Edward James Stone FRS FRAS (28 February 1831 – 6 May 1897) was an English astronomer.

== Life and career ==
He was born in Notting Hill, London to Edward and Sarah Stone. Educated at the City of London School, he obtained a studentship at King's College London, and in 1856 a scholarship at Queens' College, Cambridge, where he graduated as fifth wrangler in 1859, and was immediately elected fellow of his college.

The following year he succeeded the Rev. Robert Main as chief assistant at the Royal Greenwich Observatory, and at once undertook the fundamental task of improving astronomical constants. The most important of these, the Sun's mean parallax, was at that time subject to considerable uncertainty. He obtained a value for the solar parallax by observations of Mars in 1860 and 1862. He later refined his estimate by examining observations of the transit of Venus of 1769. He also studied the lunar parallax, and determined the mass of the Moon, and obtained a value for the constant of nutation. He was elected a Fellow of the Royal Society in 1868.

He was awarded the Gold Medal of the Royal Astronomical Society in 1869, and on the resignation of Sir Thomas Maclear in 1870 he was appointed Her Majesty's astronomer at the Cape of Good Hope. His first task on taking up this post was the reduction and publication of a large mass of observations left by his predecessor, from a selected portion of which (those made 1856–1860) he compiled a catalogue of 1,159 stars. His principal work was, however, a catalogue of 12,441 stars to the 7th magnitude between the South Pole and 25°S declination, which was practically finished by the end of 1878 and published in 1881.

Shortly after the death of Main on 9 May 1878, Stone was appointed to succeed him as Radcliffe Observer at Oxford, and he left the Cape on 27 May 1879. At Oxford he extended the Cape observations of stars to the 7th magnitude from 25°S declination to the equator, and collected the results in the Radcliffe catalogue for 1890, which contains the places of 6,424 stars.

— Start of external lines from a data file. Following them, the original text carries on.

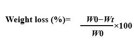 The degradation study aims to evaluate the behavior and biological activity of the scaffold by immersing it in dynamic SBF at pH 7.4. The SBF solution has similar human plasma ion levels that keeps stable under low-temperature storage (Nacl≤8.035g, NaHCO≤0.355g, Kcl≤0.225g, (Kâ 3H O) ≤ 0.23g, (Mgcl.6H O) ≤ 0.311g, 1M Hcl-39 ml, (Cacl)-0.292g, (NaS)-0.072g, [Tris-(CHOCH-)-(NH-)]-6.118 [24, 25]. The SBF solution was removed from the scaffolds before washing them with distilled water followed by room temperature drying for 48 h. Weigh the dry dock and measure its change from its weight prior to water application. The biodegradability of the stent is calculated by measuring the change in the weight of the stent over time. This weight change is calculated according to the below equation [26].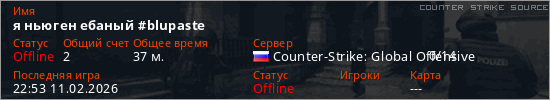 Играет на Counter Strike Source сервере. Страна: РоссияПервый раз замечен 23:13 05.02.2026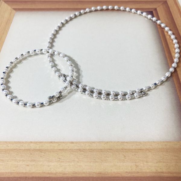 > 送料無料!! ネックレス ブレスレット セット CZダイヤ パール風 チョーカー アクセサリー エレガント パーティー◇A-0054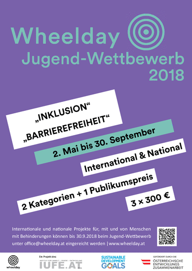 "Man ist nicht behindert, man wird behindert" Das Institut für Umwelt, Friede und Entwicklung (IUFE) prämiert im Rahmen der Initiative „Wheelday. Entwicklung bewegt!“ wieder dein Vorhaben, welches einen Beitrag zur Inklusion und Barrierefreiheit in Österreich und der Welt leistet. Aktivitäten im Kontext der Entwicklungszusammenarbeit und andere Projekte sind willkommen. Den Rahmen des diesjährigen Wettbewerbes bilden die Sustainable Development Goals (SDGs).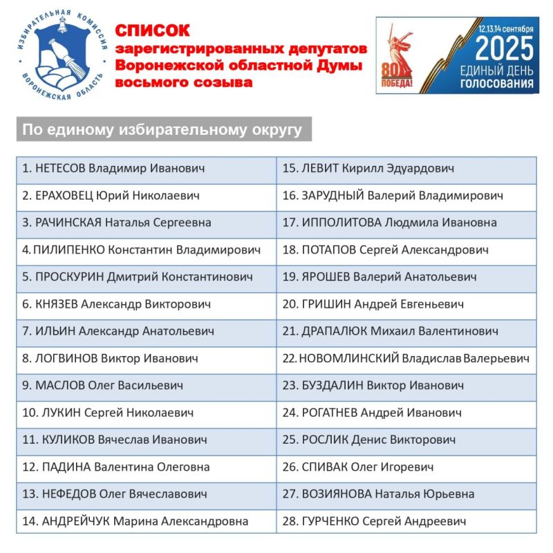Сегодня на заседании облизбиркома принято решение о регистрации 28 депутатов Воронежской областной Думы восьмого созыва, избранных по единому избирательному округу.Еще 28 депутатов регионального парламента, избранных по одномандатным избирательным...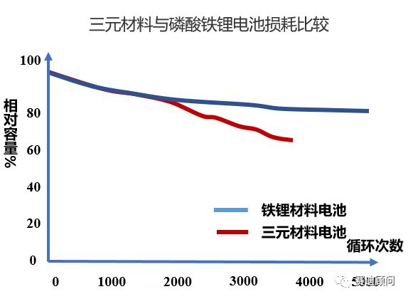 電池使用一段時(shí)間后都會(huì)有所損耗,從單體電池來(lái)看,三元電池?fù)p耗更快,磷酸鐵鋰電池在使用2000次后在很長(zhǎng)的一段時(shí)間內(nèi)都相對(duì)穩(wěn)定,20000次后都能夠保持65%以上的電池容量。由此,磷酸鐵鋰電池具有更廣闊的梯次利用市場(chǎng)。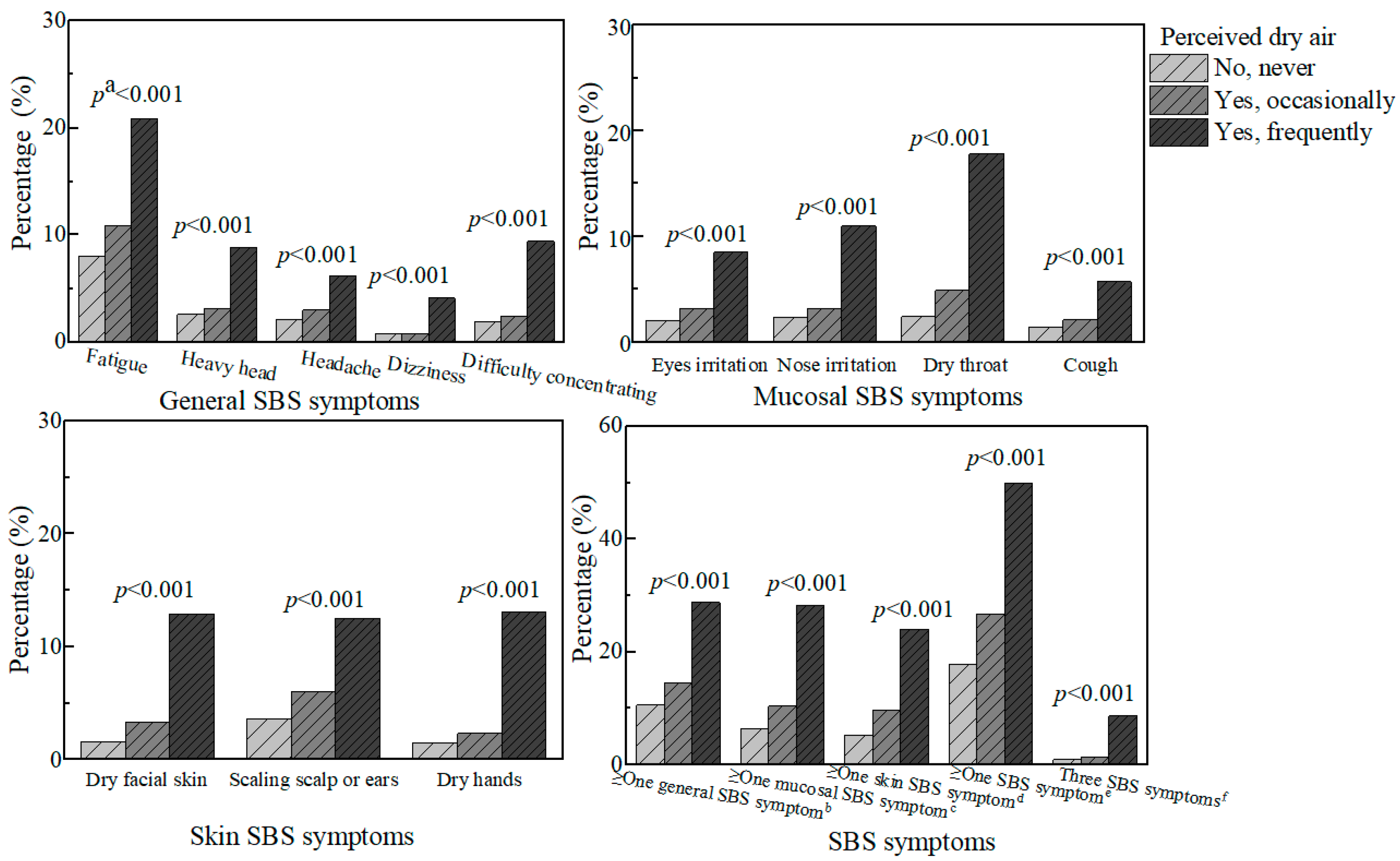 p < 0.05). The associations between perceived dry air and parents’ SBS symptoms are shown in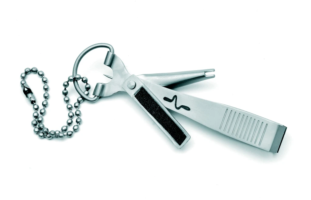 A high quality, heat-treated stainless steel tool that combines a knot tyer tip, line snips, hook eye cleaner and hook sharpener in one sturdy package. The D-ring attaches easily to a retractor. Can be sharpened.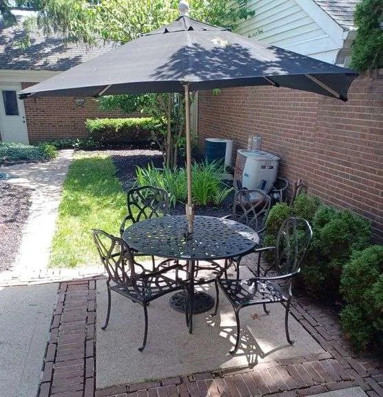 7149 Metal round patio table and 4 chairs with new cushions and umbrella with stand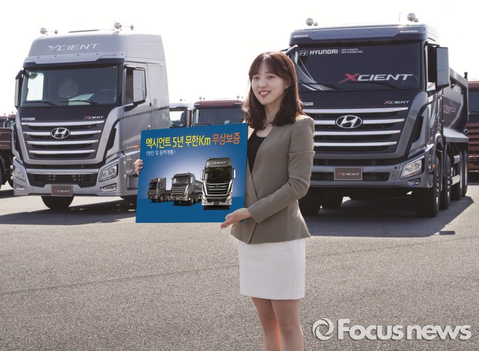 (서울=포커스뉴스) 현대자동차가 상용 대형트럭 엑시언트의 엔진·동력 계통 5년 무한 보증 서비스를 진행한다.
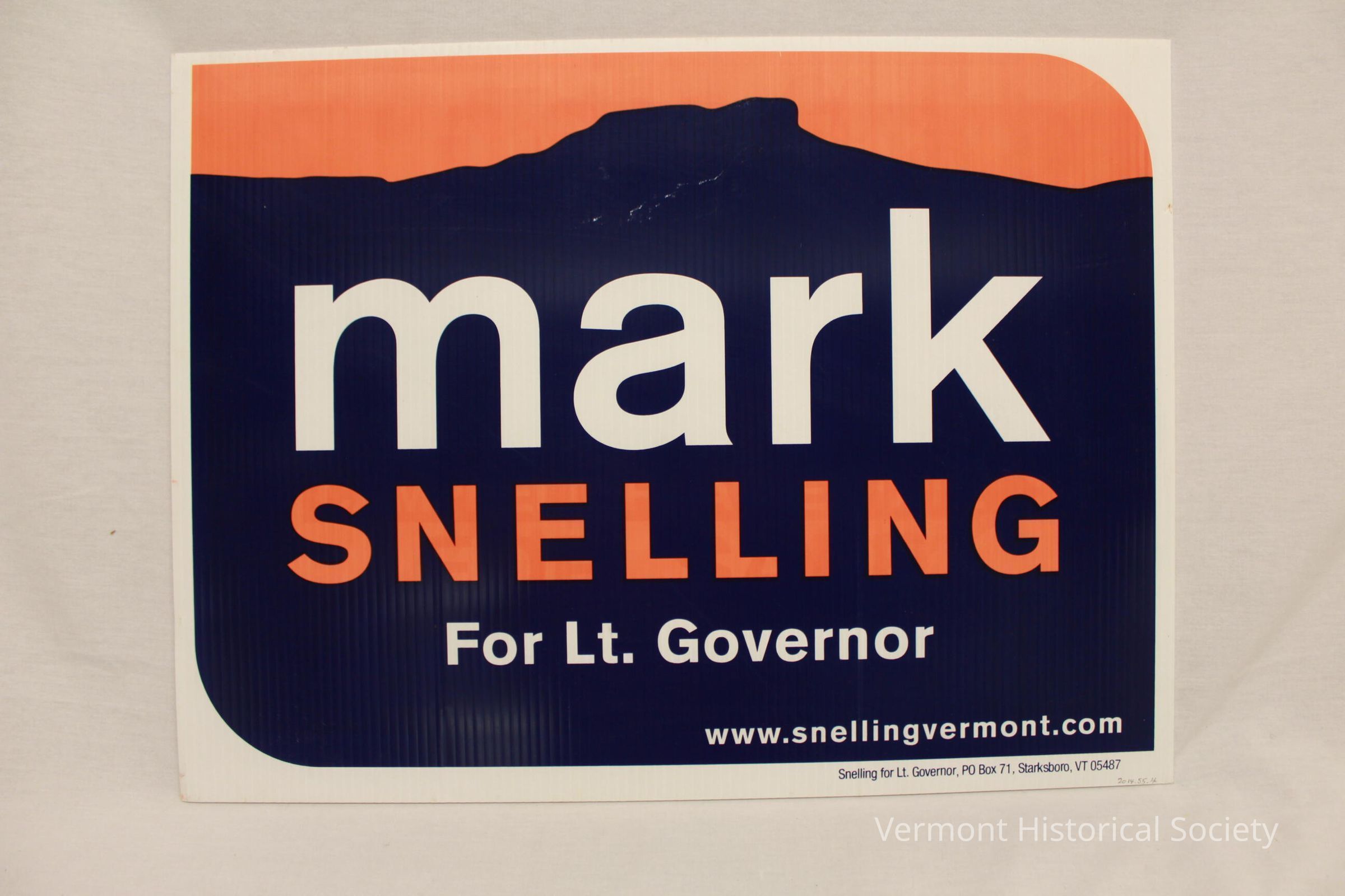 White corrugated plastic yard sign printed on both sides with a blue silhouette of Camel's Hump Mountain over an orange side. The top right and bottom left corners of the image are rounded. Above the image is the inscription, "mark SNELLING For Lt. Governor www.nellingvermont.com" in white and orange letters.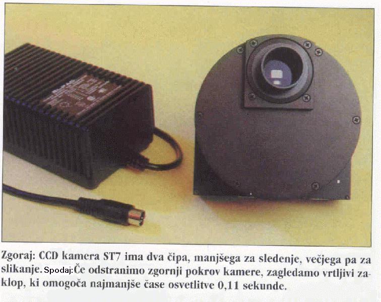 Slike v prispevku so bile posnete s CCD kamero ST7 takorekoč na en mah. Slike mogoče niso kaj posebnega, je pa bila pot do njih dolga in mogoče tudi poučna. Moj namen je bil le prepričati Spiko, da objavi vsaj kakšno izmed slik, a je urednik hotel kot pogoj še nekoliko daljši spremni tekst. Odločil sem se, da kar se da realistično opišem nekatere začetne okorne korake, ki spremljajo uvajanje v čisto novo in neznano delo s CCD kamero. Zraven sem vključil tudi del zgodbe, kako smo sploh prišli do kamere. Vse to pa zato, da bi mogoče pomagal in dal voljo tudi ostalim astronomskim skupinam po slovenskih šolah. Na Gimnaziji Šentvid-Ljubljana smo med prvimi šli v tako imenovano urbano (mestno) astronomijo, z gradnjo observatorija na terasi šole. Pri tem so nam mnogi jemali voljo, češ v mestu se ne da opazovati, kaj šele fotografirati. Mislim, da je potem po naši poti šla še prenekatera šola. Zanimivo je to, da so se želje po CCD kameri pojavile že na začetku devetdesetih, in da je nikakor nismo uspeli kupiti. Nekatere šole so nas posnemale, tudi prehitele in nas pri nakupu že pred leti spraševale po nasvetih o CCD kameri, saj so bile prepričane, da jo že zdavnaj imamo. Dobili smo jo torej relativno zelo pozno in tukaj je nekaj prvih izkušenj in začetnih korakov. Seveda je astronomija na šoli tudi brez kamere tekla po ustaljenih korakih: opazovanja, predavanja, raziskovalne naloge, klasična astrofotografija, ki nikakor ni nepomembna ali zastarela.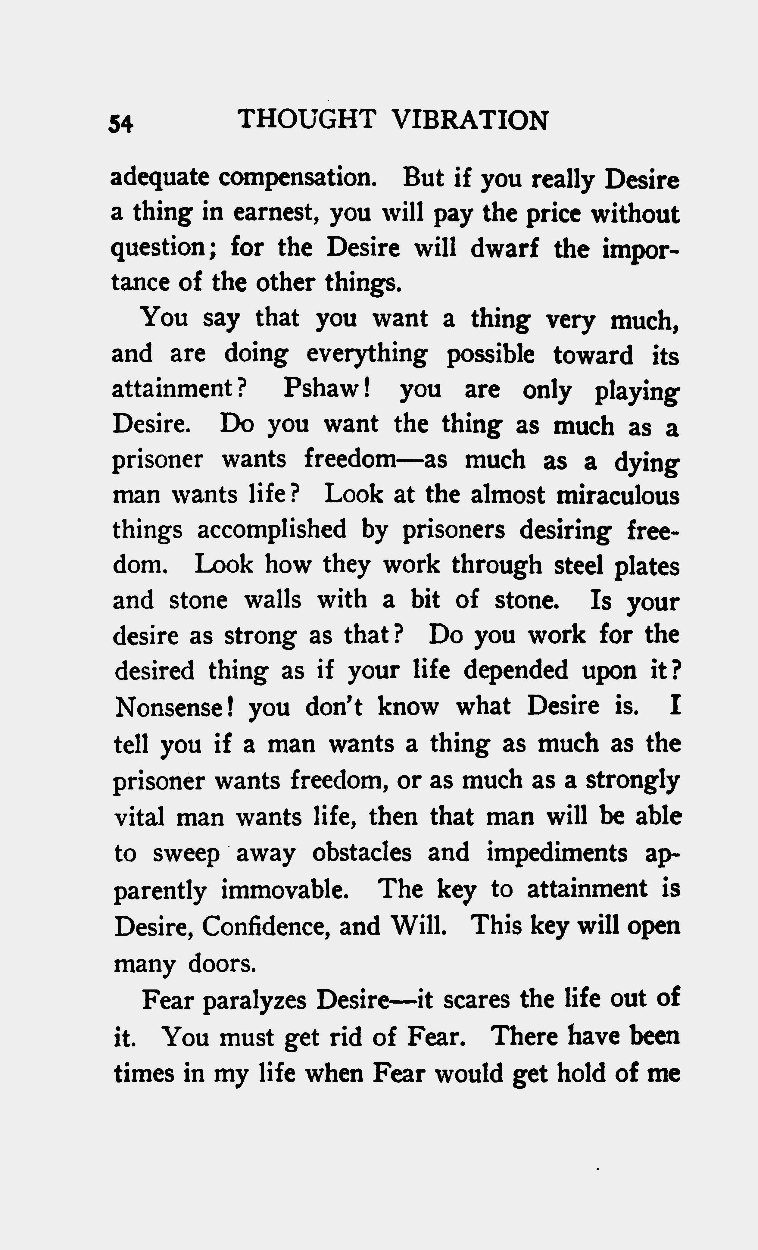 You say that you want a thing very much, and are doing everything possible toward its attainment? Pshaw! You are only playing Desire. Do you want the thing as much as a prisoner wants freedom - as much as a dying man wants life? Look at the almost miraculous things accomplished by prisoners desiring freedom. Look how they work through steel plates and stone walls with a bit of stone. Is your desire as strong as that? Do you work for the desired thing as if your life depended upon it? Nonsense! You don't know what Desire is. I tell you if a man wants a thing as much as the prisoner wants freedom, or as much as a strongly vital man wants life, then that man will be able to sweep away obstacles and impediments apparently immovable. The key to attainment is Desire, Confidence, and Will. This key will open many doors.
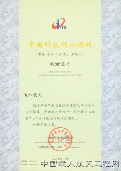 【中国载人航天工程网12月7日】2012年12月7日,中国科学技术信息研究所在京公布“2012年度中国科技论文统计结果”,《载人航天》等49种科技期刊新入选中国科技论文统计源期刊,进入中国科技核心期刊行列。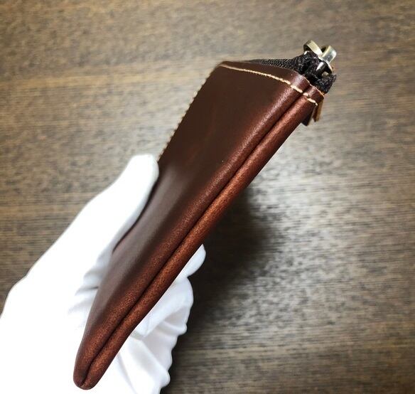 サイズがスリムなのでポケットに収まり、L字ファスナーなので開閉しやすいです。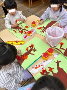 今回は、秋の自然を感じながら「紅葉の木」を作りました。遠足で訪れた植物園の木々が赤や黄色に色づいていたことを思い出しながら、それぞれが思い描いた木の絵に、折り紙で作ったもみじを丁寧に貼り付けました。

Stone observed the transit of Venus of 1874 at the Cape, and organized the government expeditions for the corresponding event in 1882. He was elected President of the Royal Astronomical Society (1882–1884), and he was the first to recognize the importance of the old observations accumulated at the Radcliffe Observatory by Hornsby, Robertson and Rigaud. He successfully observed the total solar eclipse of 8 August 1896 at Novaya Zemlya, and intended a voyage to India for the eclipse of 1898, but died suddenly at the Radcliffe Observatory. The number of his astronomical publications exceeds 150, but his reputation depends mainly on his earlier work at Greenwich and his two great star catalogues—the Cape catalogue for 1880 and the Radcliffe catalogue for 1890.
He was elected to honorary membership of the Manchester Literary and Philosophical Society on 17 April 1894.

== Personal life ==
He had married Grace Tuckett; they had at least four children.